Sports arbitration is the process by which the player and the team meet with a neutral third party to decide on salary. Arbitration is generally a last-ditch effort to come to an agreement after usually months of disparate offers between the two parties.

How It Works

Once the parties have engaged the process, each side tries to make their case. Hard facts like statistics and overall performance from previous seasons will be weighed with injuries, time missed and the player’s length of time with the team. The uncomfortable part is when the player’s leadership abilities, general attitude, and impact to the team’s success come into play, often ruffling feathers. Comparable players’ salaries are then considered, but player and team may have very different views as to whom the player compares. The arbitrator then makes a decision based on the information laid out.

Different Leagues, Different Rules

In the NHL, each side has 90 minutes to make their case and then there are two rounds of rebuttals. 48 hours later the arbitrator hands down the decision, which the team must accept if it comes under what’s called the “walk away number.” If the decision is over that amount, the team has the option to accept or walk away. In MLB arbitration, the process is similar to the NHL’s, but the arbitrator must choose either the salary amount submitted by the player or the team. If the two sides have radically different idea of worth, one side will certainly be disappointed with the ruling. The 2008 Ryan Howard ruling is one of the best examples of this, as Howard submitted $10 million over two years when the Phillies only submitted $7 million for the same period of time. The arbitrator had decided Howard deserved a salary similar to Miguel Cabrera, who was due for $7.4 million over the same timeframe, and wouldn’t accept the Phillies’ proposal because it came in under Cabrera’s salary. Thus, Howard walked away with his submission, a record at the time.

An Unfriendly Process

Franchise owners tend to try to avoid arbitration because it’s not a favorable process for the team. In the endeavor to get the arbitrator to accept their proposal, the team must list out essentially all of the faults and shortcomings of the player – a process that doesn’t necessarily warm the heart of a player already feeling undervalued by the team. In the NHL, arbitration is very rarely actually engaged, as more often the players and teams set to go to arbitration agree on an amount right before the process is set to start.

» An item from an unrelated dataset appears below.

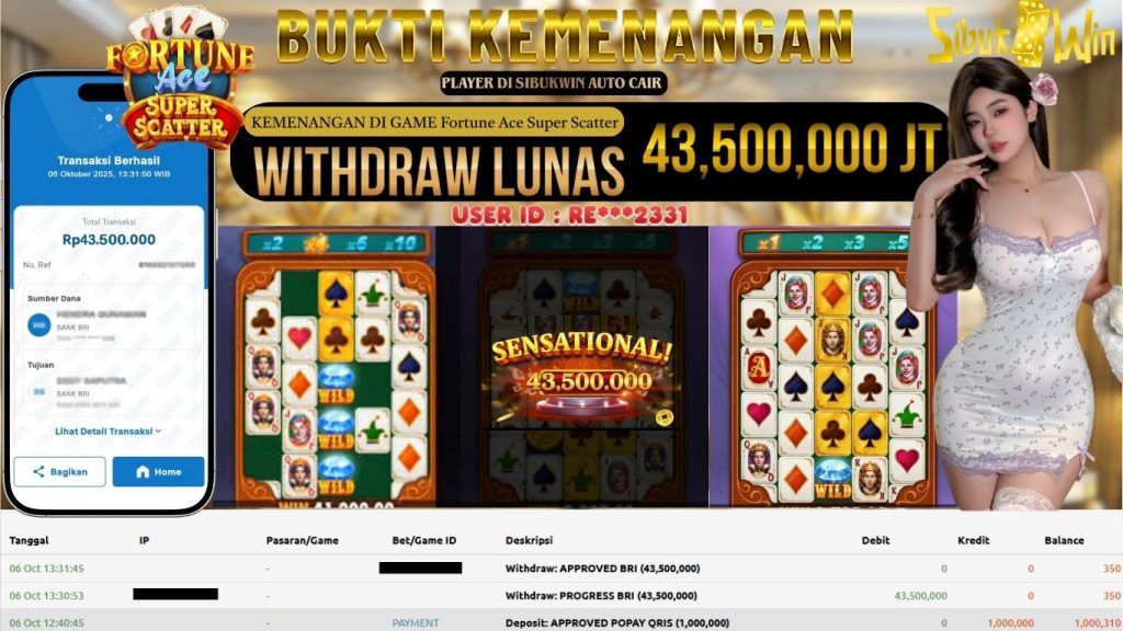 BUKTI KEMENANGAN 06 October 2025 DI GAME Fortune Ace Super Scatter 43,5 JUTA
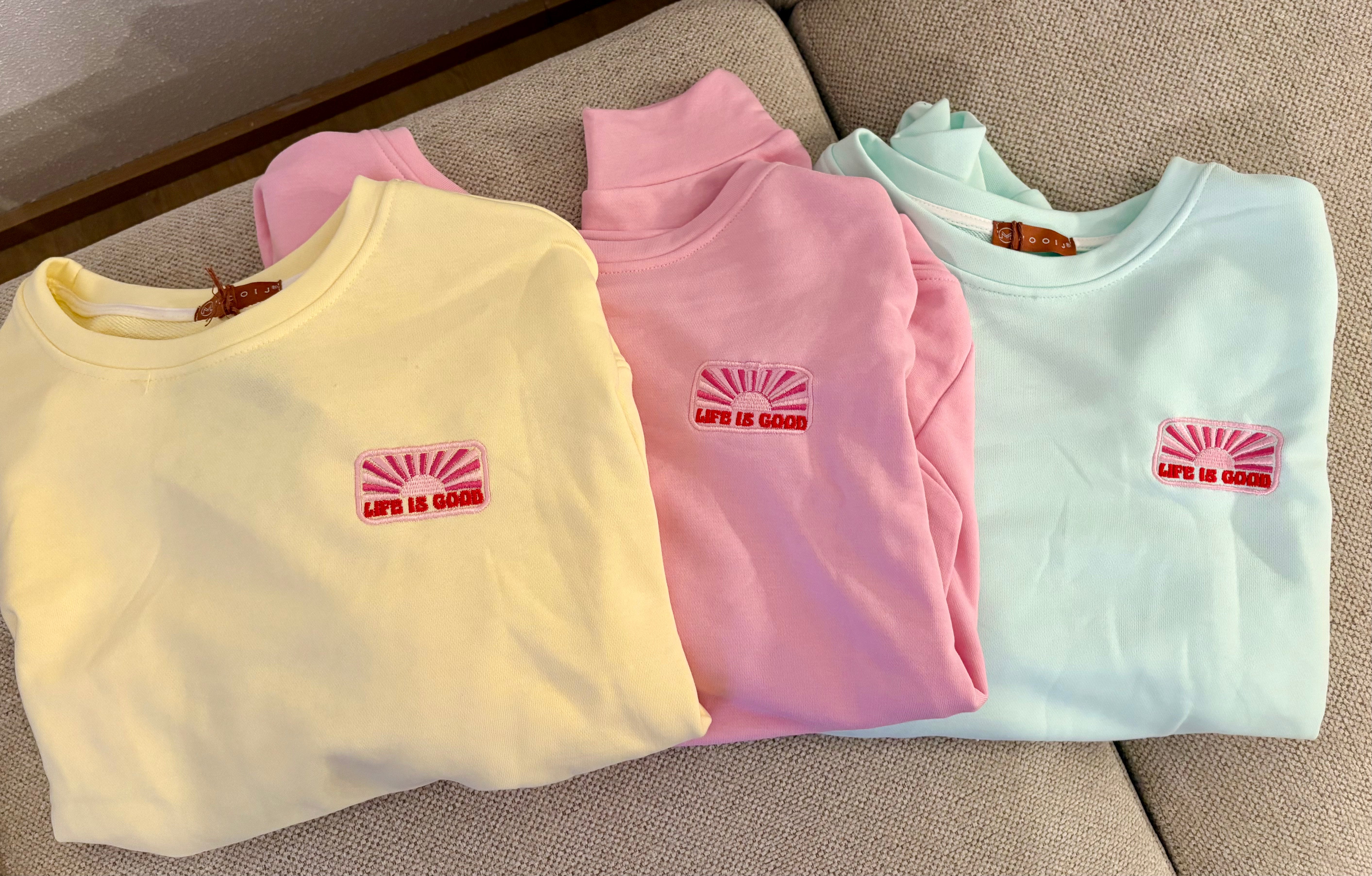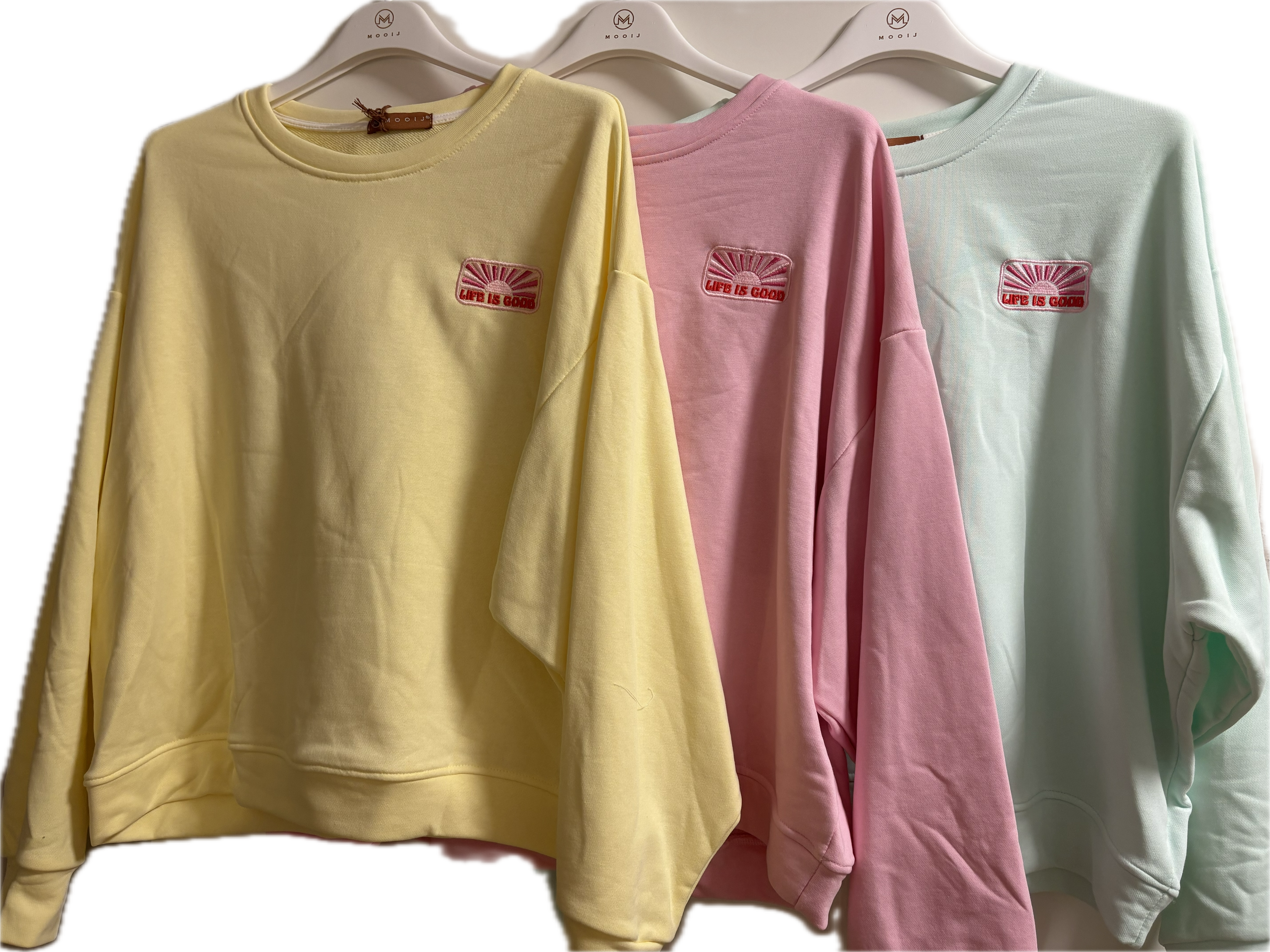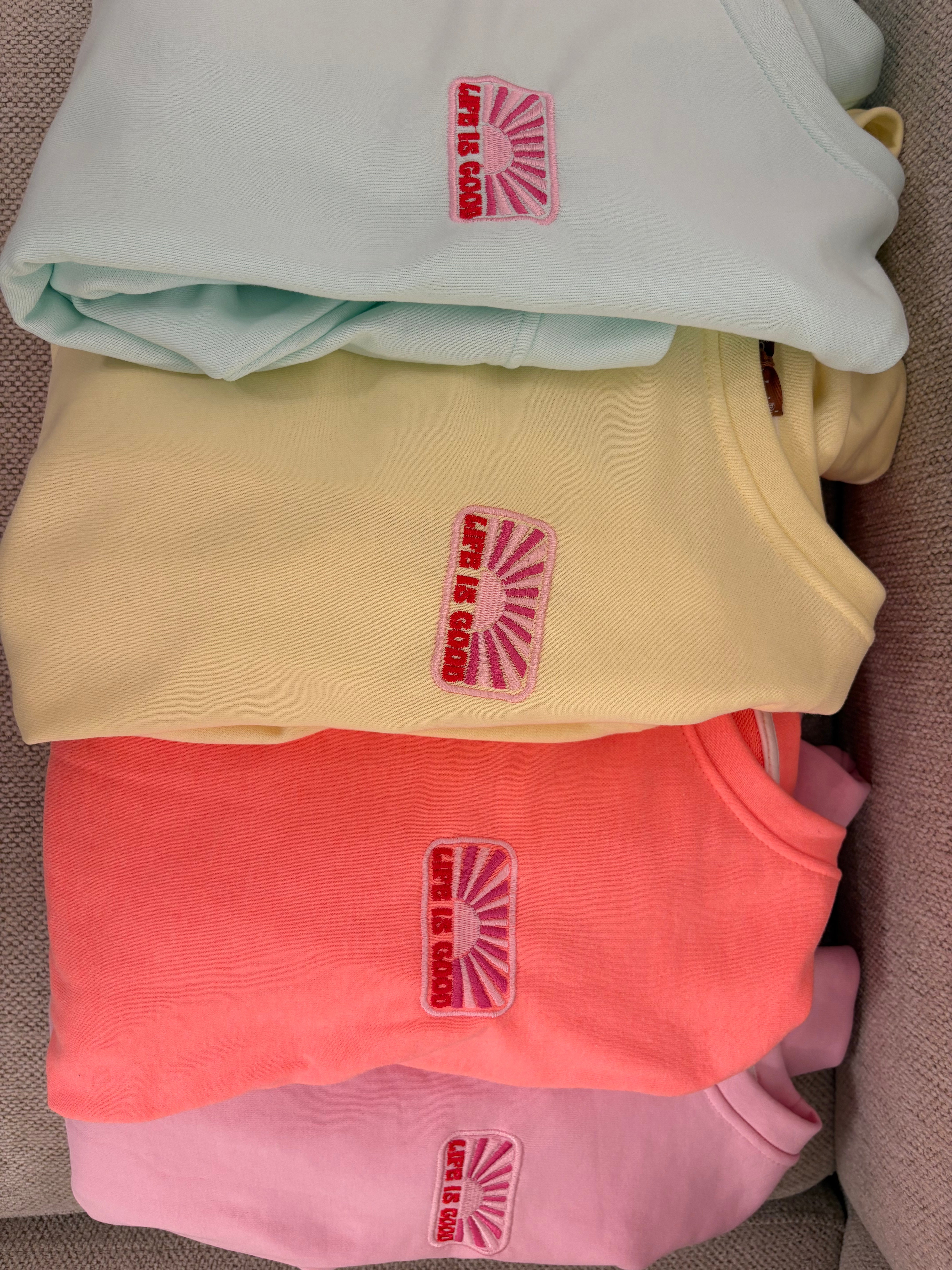 Life is Good Pullover Sweater Sweatshirt Rosa Gelb Mint Koralle

Different Types of Arbitration

In addition to individual contract arbitration, the league and player’s associations can enter into arbitration over items falling under a Collective Bargaining Agreement. Most recently, the NBA and the NBA Player’s Association entered arbitration for a decision on waived players retention of their Bird Rights, which allow a team to exceed the cap to retain their own players, if the player in question has been with the team for the previous three consecutive seasons. Traded players had retained their Bird Rights, and the union was arguing that waived players should as well, while the league wanted it reset upon waiver. Arbitration ruled in June 2012 that waived players will retain their Bird Rights. Sports arbitration is a process making headlines more and more as contracts are becoming richer and more complex. Arbitrators are first lawyers generally working in labor relations who move into the sports field after arbitrating labor cases. Sports arbitrators receive salaries commensurate with experience.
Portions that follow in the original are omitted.